Im Januar kam es knüppeldick: Im Training holte sich Diagonalangreifer Sébastien Steigmeier eine schwere Fussverletzung, die ihn einen Monat von allen Wettkämpfen fernhielt. In dieser Zeit kassierte Amriswil drei Niederlagen in vier Spielen. Roman Brühwiler verletzte sich im ersten Spiel als Steigmeier-Ersatz und konnte ebenfalls längere Zeit nicht mittun. Und vor Monatsfrist brach sich Aussenangreifer Hugo Hamacher das Bein und kehrte nach Brasilien zurück.

Noch immer eine Topmannschaft

Trotz dieses Ungemachs erreichte Amriswil nach 24 Qualifikationsrunden den dritten Platz. Erst in der zweitletzten Runde mussten die Titelverteidiger ihre Ambitionen auf den Qualifikationssieg begraben.

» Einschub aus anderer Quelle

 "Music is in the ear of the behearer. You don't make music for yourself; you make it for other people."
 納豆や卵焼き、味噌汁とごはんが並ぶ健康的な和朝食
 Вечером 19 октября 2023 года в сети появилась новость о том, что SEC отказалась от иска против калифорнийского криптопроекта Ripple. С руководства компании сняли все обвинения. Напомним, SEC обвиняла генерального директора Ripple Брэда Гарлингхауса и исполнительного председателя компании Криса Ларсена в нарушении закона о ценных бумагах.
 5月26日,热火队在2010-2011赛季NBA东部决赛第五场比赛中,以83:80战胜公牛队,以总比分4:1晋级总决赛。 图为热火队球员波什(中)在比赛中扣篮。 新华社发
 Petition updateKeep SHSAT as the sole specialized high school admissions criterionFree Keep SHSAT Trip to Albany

Der Rückstand auf Leader Lausanne beträgt nur drei Punkte. Mit dem Tabellenzweiten Näfels sind die Amriswiler punktgleich, und der Vorsprung auf das viertplatzierte Chênois beträgt neun Punkte.

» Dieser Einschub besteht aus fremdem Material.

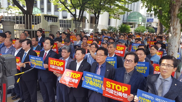 Âü¼®ÀÚµéÀº Áýȸ ½ÃÀÛ 30ºÐ ÀüÀÎ ¿ÀÈÄ 1½Ã 30ºÐºÎÅÍ ¸ð¿© ¡®ÀÇ·á±â°ü ÆøÇà¹ß»ý ȯÀÚ»ý¸í À§ÇùÇÑ´Ù¡¯, ¡®ÀÇ·á±â°ü ÆøÇà»ç¹ü °ü¿ë¾øÀÌ Ã³¹úÇ϶ó¡¯, ¡®ÀÇ·á±â°ü ó¹ú¹ý·É ¾ö°ÝÇÏ°Ô °³Á¤Ç϶ó¡¯, ¡®¹Ýº¹µÇ´Â ÀÇ·áÆøÇà ±¹¹Î°Ç° ¹«³ÊÁø´Ù¡¯, ¡®±¹¹Î°Ç° º¸È£À§ÇØ ÀÇ·áÁø º¸È£´ëÃ¥ ¸¶·ÃÇ϶ó¡¯, ¡®ÀÇ·á±â°ü ÆøÇà»ç¹ü °Çº¸ÀÚ°Ý ¹ÚÅ»ÇÏ¶ó¡¯ µîÀÇ ±¸È£¸¦ ¿ÜÄ¡¸ç ÇöÀå ºÐÀ§±â¸¦ ºÏµ¸¾Ò´Ù.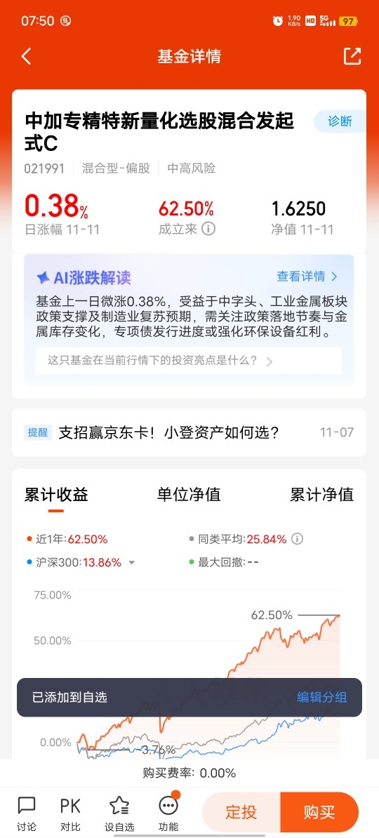 总之我觉得,中加专精特新量化选股混合发起式 C 凭借明确的投资方向、科学的量化选股策略、灵活的资产配置、利益绑定的发起式设计以及合理的费用结构等多方面优势,一定能为广大投资者提供了一个参与优质企业成长、追求稳健投资收益的良好选择。$中加专精特新量化选股混合发起式C$ @中加基金 @中加基金 袁素 @勤学苦练的厚道人

Dass Amriswil trotzdem nicht ganz entspannt in die Playoff-Viertelfinals steigt, hat mit dem Gegner zu tun. Schönenwerd ist ein spielstarkes Team, dem man mehr als nur den sechsten Platz zugetraut hatte. Denn eigentlich sind die Solothurner exzellent besetzt. Fünf Spieler gehören zum erweiterten Kader der Schweizer Nationalmannschaft, und mit Daniel Rocamora steht der wertvollste Spieler (MVP) der vergangenen Saison im Team.

Schönenwerd fürs Playoff wieder komplett?

Vor zwei Wochen gastierte Amriswil in der nagelneuen Betoncoupe-Arena und gewann relativ problemlos 3:0. Verletzungen zwangen aber Schönenwerd zu grossen Umstellungen: Infolge Verletzung der beiden Mitteangreifer spielte Diagonalangreifer Rocamora auf dieser Position und konnte nicht verbergen, dass er sich nicht wohlfühlte. Sollten die Verletzungen von Christoph Hänggi und Simon Hofstede ausgeheilt sein und Schönenwerd komplett antreten, erwartet Amriswil eine schwierige Aufgabe.

Die Viertelfinals werden im Best-of-3-Modus ausgetragen. Morgen um 18.30 Uhr steigt in Schönenwerd das Auftaktspiel. Eine Woche später gastieren die Solothurner um 17 Uhr im Tellenfeld. Wenn die Serie nach zwei Spielen 1:1 steht, kommt es tags darauf um 16 Uhr zum Entscheidungsspiel im Tellenfeld.